» Directions:
If a line below falls between the line with "मूण्डवा में धरना" and the line with "Каждую часть теста", or is one of those two, output it exactly; output nothing else and no pictures.

» Task data:
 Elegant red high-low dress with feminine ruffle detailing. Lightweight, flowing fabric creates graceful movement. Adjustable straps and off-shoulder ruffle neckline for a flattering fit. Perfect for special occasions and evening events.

* * *

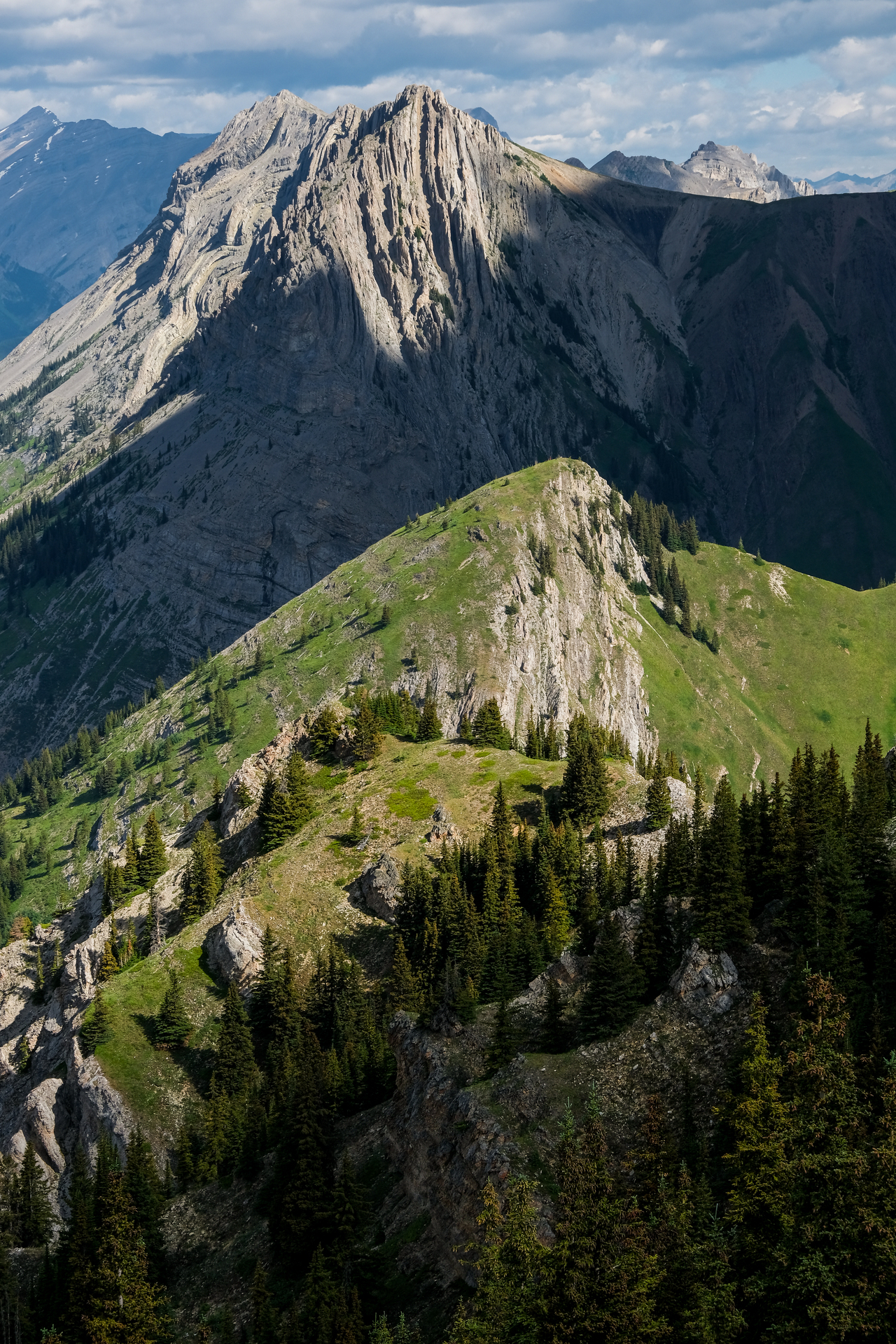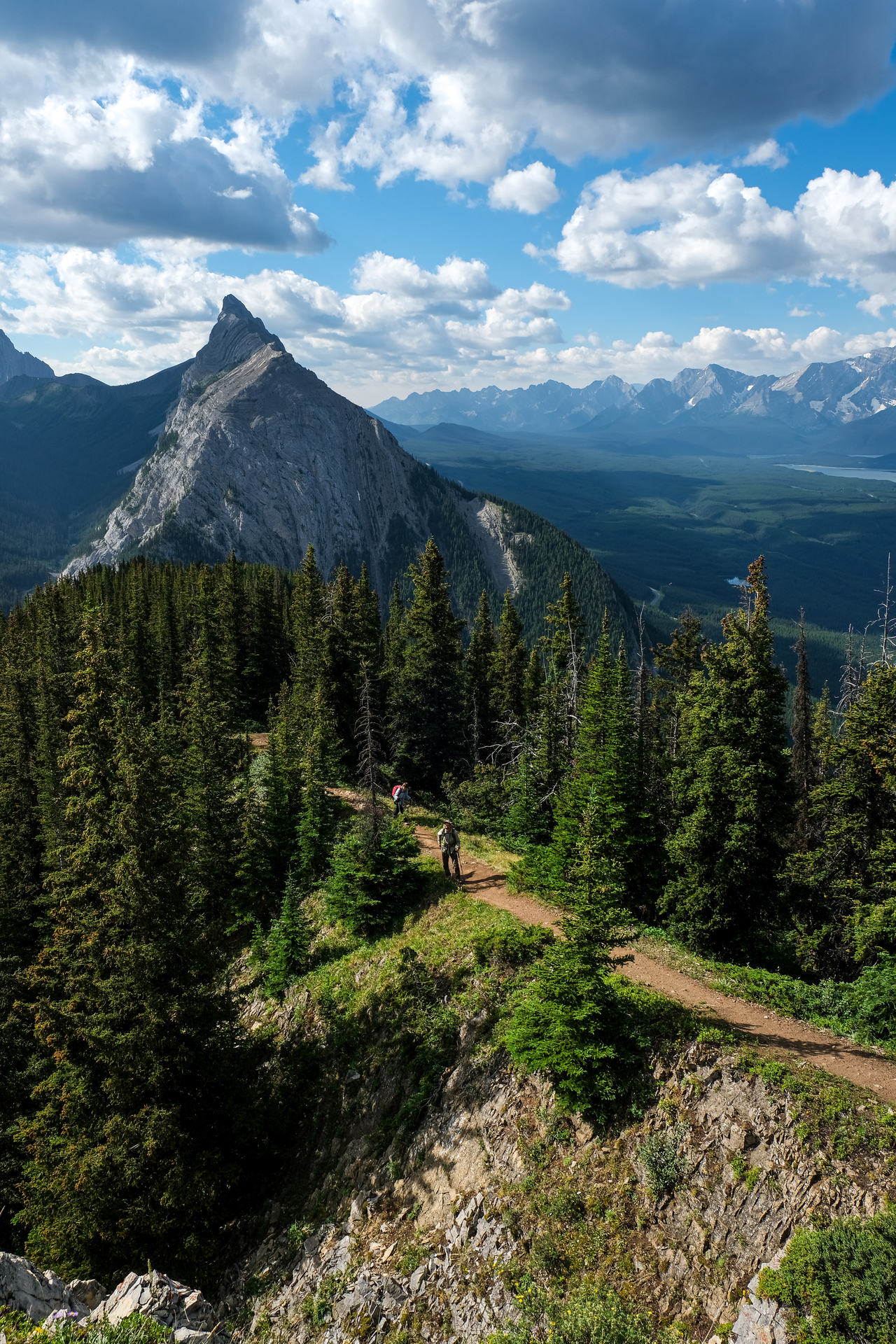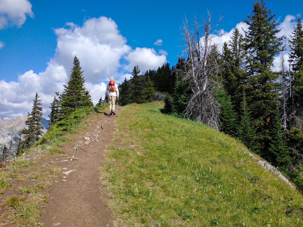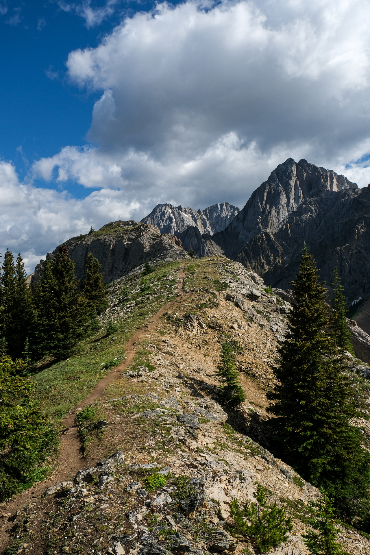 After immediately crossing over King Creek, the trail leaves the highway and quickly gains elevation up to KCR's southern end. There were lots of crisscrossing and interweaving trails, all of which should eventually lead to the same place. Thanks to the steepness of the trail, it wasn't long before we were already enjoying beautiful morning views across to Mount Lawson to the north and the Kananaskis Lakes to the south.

---

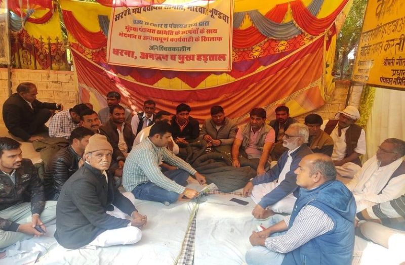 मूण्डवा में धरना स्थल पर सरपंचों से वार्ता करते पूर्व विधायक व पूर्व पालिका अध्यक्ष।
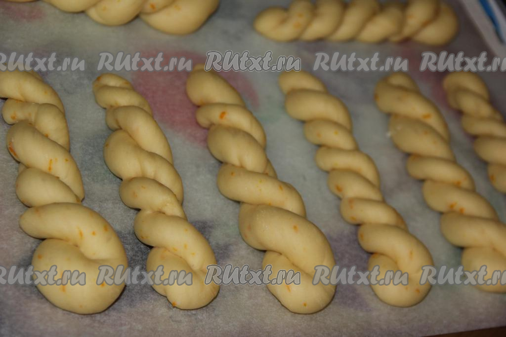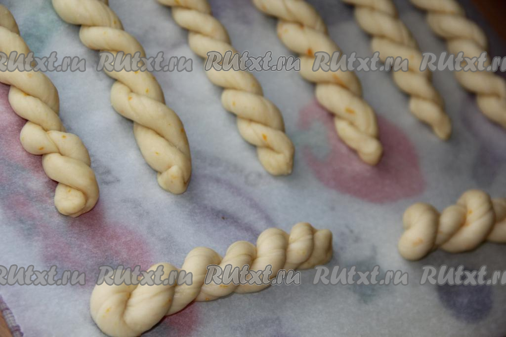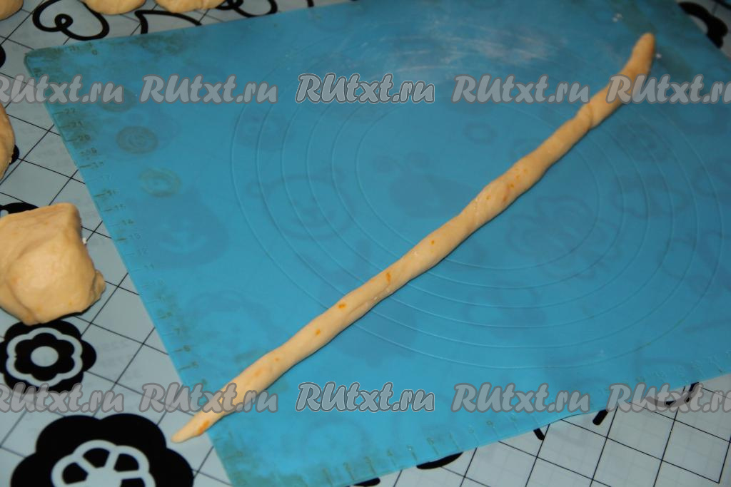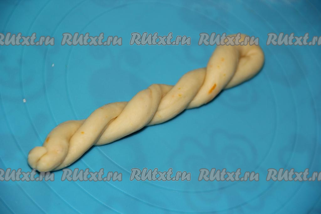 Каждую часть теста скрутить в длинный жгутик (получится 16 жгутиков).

» Exercise solution:
 मूण्डवा में धरना स्थल पर सरपंचों से वार्ता करते पूर्व विधायक व पूर्व पालिका अध्यक्ष।
 Каждую часть теста скрутить в длинный жгутик (получится 16 жгутиков).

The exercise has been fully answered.